MySQL: get oldest record from most recent group

Question

Sorry for the confusing title, but it's the best way to explain it. This is not a usual "most recent from group" problem and I haven't been able to find anything similar on the web.

I have a status table that tracks what people are doing at various work sites. It contains records that link people, status and location.
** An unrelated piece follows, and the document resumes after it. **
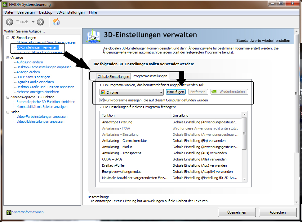 Über die Nvidia Systemsteuerung (Rechtsklick auf freien Platz am Desktop -> "NVIDIA Systemsteuerung") unter dem Punkt "3D Einstellungen verwalten" bei den "Programmeinstellungen" entweder TheForest.exe aus der Liste wählen oder über den Knopf "Hinzufügen" in die Liste eintragen. Vorzugsweise lasst ihr die Einstellungen mit "Globale Einstellung" oder "Anwendungsgesteuert" in der Auflistung darunter.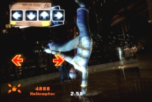 Das Grundprinzip aller DDR-Ableger (Dance Dance Revolution) ist fast immer gleich und identisch zum Vorbild: Auf der linken Bildschirmseite befinden sich vier in alle Himmelsrichtungen zeigenden Pfeile, von unten rauschen mehr oder weniger schnell weitere ins Bild – diese müssen, sobald sie ihre Richtungs-Pendants überlagern auf der Tanzmatte bzw. dem Gamepad gedrückt werden. Denn nur wenn der Flow stimmt (ahaaaa!), dann geht im Hintergrund die Post ab. Dort zappelt sich nämlich einer von zehn Breakdancern (fünf davon sind erst freizuspielen) die Hüftgelenke aus dem Leib. Jeder der männlichen und weiblichen

ID, start_date, person_ID, location_ID, status
1,  2014-10-12, 1,         1,           job a
2,  2014-10-13, 2,         2,           job b
3,  2014-10-15, 1,         3,           job c
4,  2014-10-21, 1,         3,           job d
5,  2014-10-22, 2,         4,           job a
6,  2014-10-26, 2,         2,           job d

I need to be able to determine how long each person as been at the current site - I'm hoping to get results like this:

person_ID, location_ID, since
1,         3,           2014-10-15
2,         2,           2014-10-26

Getting when they started the current job is relatively easy by joining the max(start_date), but I need the min(start_date) from the jobs done at the most recent location.

I have been trying to join the min(start_date) within the records that match the current location (from the most recent record), and that works great until I have a person (like person 2) who has multiple visits to the current location... you can see in my desired results that I want the 10-26 date, not the 10-13 which is the first time they were at the site.

I need some method for matching the the job records for a given person, and then iterating back until the location doesn't match. I'm figuring there has to be some way to do this with some sub-queries and some clever joins, but I haven't been able to find it yet, so I would appreciate some help.

Answer 1

If I understand what you're asking correctly, you could use EXISTS to eliminate all but the most recent locations per person, and get the min date from the resulting rows.

SELECT person_id, location_id, MIN(start_date) since
FROM status s
WHERE NOT EXISTS (
  SELECT 1 FROM status 
  WHERE s.person_id = person_id 
    AND s.location_id <> location_id
    AND s.start_date < start_date)
GROUP BY person_id

An SQLfiddle to test with.

Basically, it eliminates all locations and times where the same person has visited another location more recently. For example;

1,  2014-10-12, 1,         1,           job a

...is eliminated since person 1 has visited location 3 more recently, while;

3,  2014-10-15, 1,         3,           job c

...is kept since the same person has only visited the same location more recently.

It then just picks the least recent time per person. Since only the rows from the last location are kept, it will be the least recent time from the most recent location.

Answer 2

Quite simple actually.

SELECT g.person_ID,
  (SELECT l.location_ID
   FROM status l
   WHERE l.person_ID = g.person_ID
   AND l.start_date = MAX(g.start_date)) AS location,
  MAX(g.start_date) AS since
FROM status g
GROUP BY g.person_ID

This uses a grouping on person_ID, and uses a SELECT for the location column expression.

The sole question is whether you meant MIN i.o. MAX as in your example you yield the youngest date, not the oldest.

Answer 3

I think the easiest way is with variables to keep track of the information you need:

select person_id, location_id, min(start_date) as since
from (select s.*,
             (@rn := if(@p <> person_id, if(@p:=person_id, 1, 1),
                        if(@l = location_id, @rn,
                           if(@l:=location_d, @rn + 1, @rn + 1)
                          )
                        )
             ) as location_counter
      from status s cross join
           (select @p := 0, @l := 0, @rn := 0) vars
      order by person_id, start_date desc
     ) s
where location_counter = 1
group by person_id, location_id;

The weird logic with the variables is (trying to) enumerate the locations for each person. It should be incrementing @rn only when the location changes and resetting the value to 1 for a new person.